In 301 of the 500 metro areas tracked by Realtor.com (60 percent), the median list price of homes for sale on Realtor.com were still up in October 2018 compared to one year ago.  List prices rose in areas such as Seattle-Tacoma-Bellevue where prices are more affordable than in California ($555,050; 12.1%); Boise City, ID ($330.048; 15%); Indianapolis-Carmel-Anderson, IN ($241,450; 15%); Greensboro-High Point, NC ($223,625; 14.5%);Las Vegas-Henderson-Paradise ($325,000; 14.5%), and Harrisburg-Carlisle, PA ($216,760; 14%).

 

In summary, homeowners have built up a sizable equity since 2012 that is larger relative to the price declines that have occurred thus far in several high-priced metro areas. Moreover, home prices are still appreciating in lower-priced metro areas. Given the strong underlying economic fundamentals in 2018— strong employment growth, the demographic boost from the 25-44 age group which includes the millennials, and safer underwriting standards and level of household debt—it does not yet appear likely that home prices will crash to a level that will wipe out this home equity gain. NAR Chief Economist Lawrence Yun forecasts no recession ahead that could cause a collapse in job growth which will impact the demand for housing.

 


[1] The earliest indicator of the direction of home prices—NAR’s median home prices— rose 4.3 percent in 2018 Q3, the slowest average rate for the quarter since 2012 Q1. The home price indices of the Federal Housing Finance Agency, S&P CoreLogic Case-Shiller, and the U.S. Census Bureau for new 1-family homes also show a slower price appreciation in 2018 Q3 (FHFA, 6.3%; S &P CoreLogic Case-Shiller, 5.7%; U.S. Census Bureau 1-family homes, 2.3%) compared to the pace of appreciation in 2018 Q1.In 500 metro areas tracked by Realtor.com, the median list price of homes for sale declined in 199 metro areas (40 percent), with the largest declines occurring in high-priced metro areas.

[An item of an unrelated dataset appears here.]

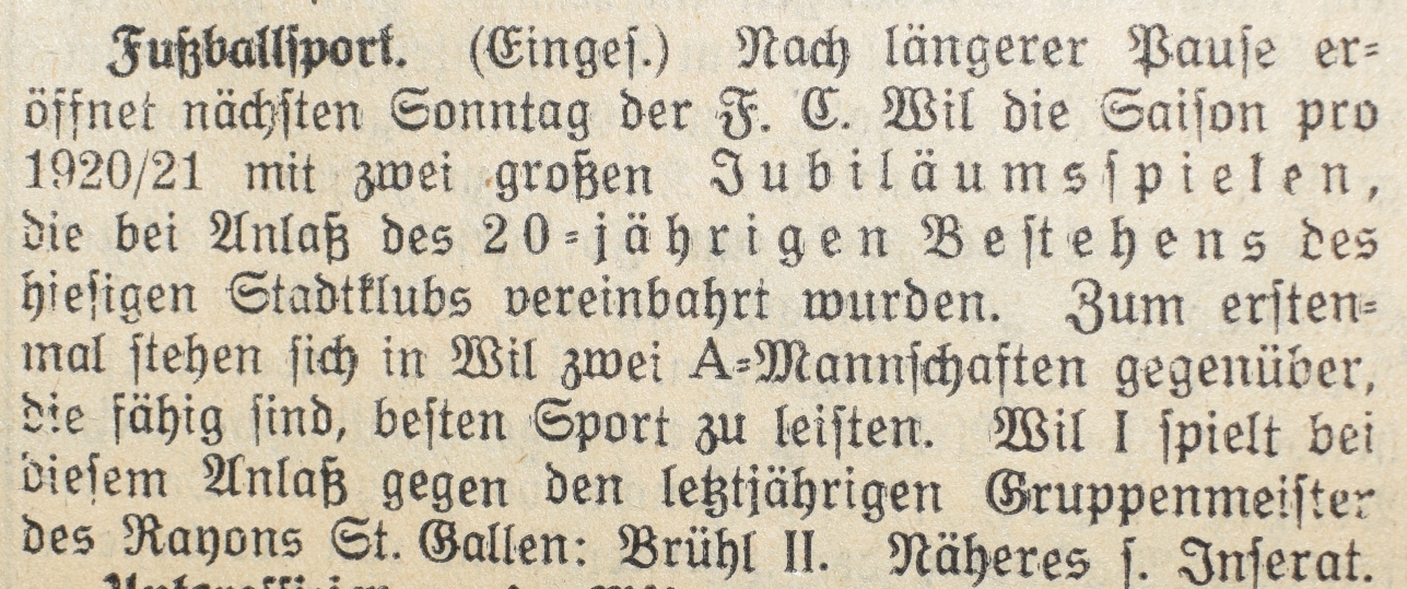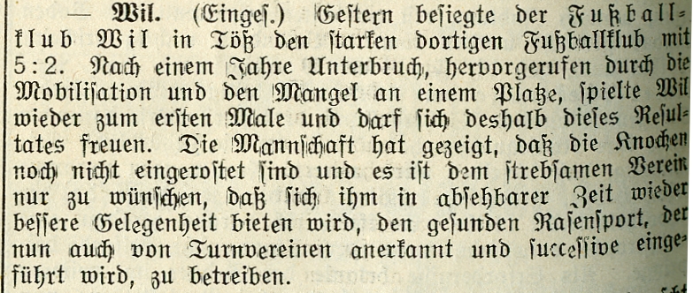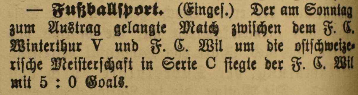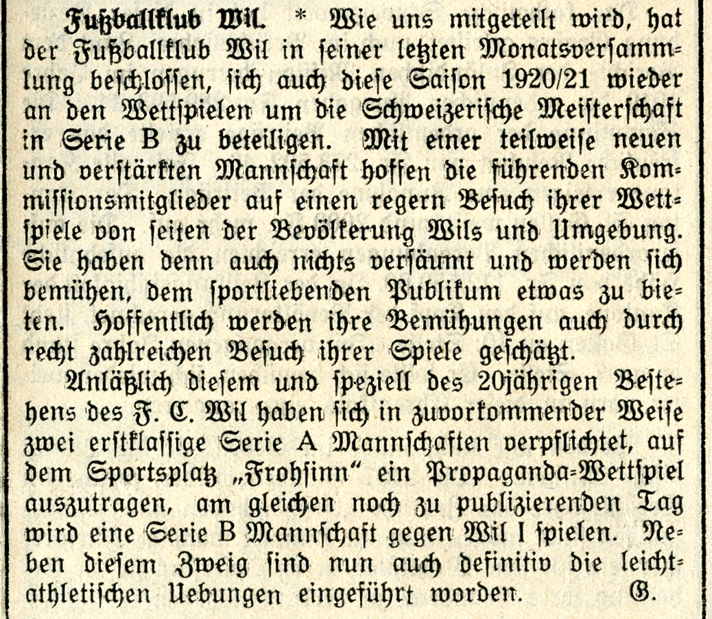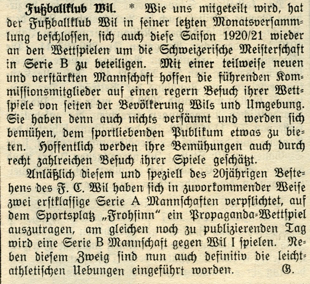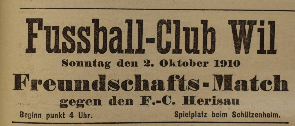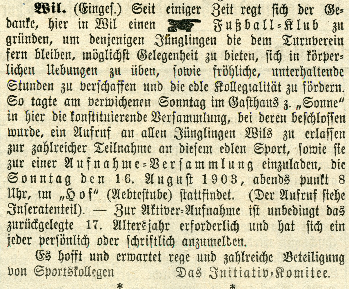 1900: Gründung des Vereins als FC Stella (noch nicht belegt !) 1902: Namensänderung in FC Fors (noch nicht belegt !) 1903: Gründung des FC Wil 1914–1918: Kein bzw. nur vereinzelt Spielbetrieb 1920: Wiederaufnahme Wettspielbetrieb 1935: Projekt Tribüne 1937: Gruppenmeister Junioren

[2] At the current 30-year fixed mortgage rate of 4.83 percent with a 10 percent down payment, every $10,000 decline in home prices results in a saving of $47/month.

[3] I estimated home equity by subtracting the loan balance as of 2018 Q3 to the current home value as of 2018 Q3. I estimated the current home value by applying a home price appreciation factor using FHFA House Price Index (FHFA HPI 2018 Q3/ FHFA HIP 2012 Q1). I assumed that a homeowner purchased a median-priced home in 2012 Q1 at the average median price in 2012 Q1 of $158,333 financed by a 30-year fixed rate mortgage of 3.6 percent (2012 Q1 average) and a 10 percent down payment.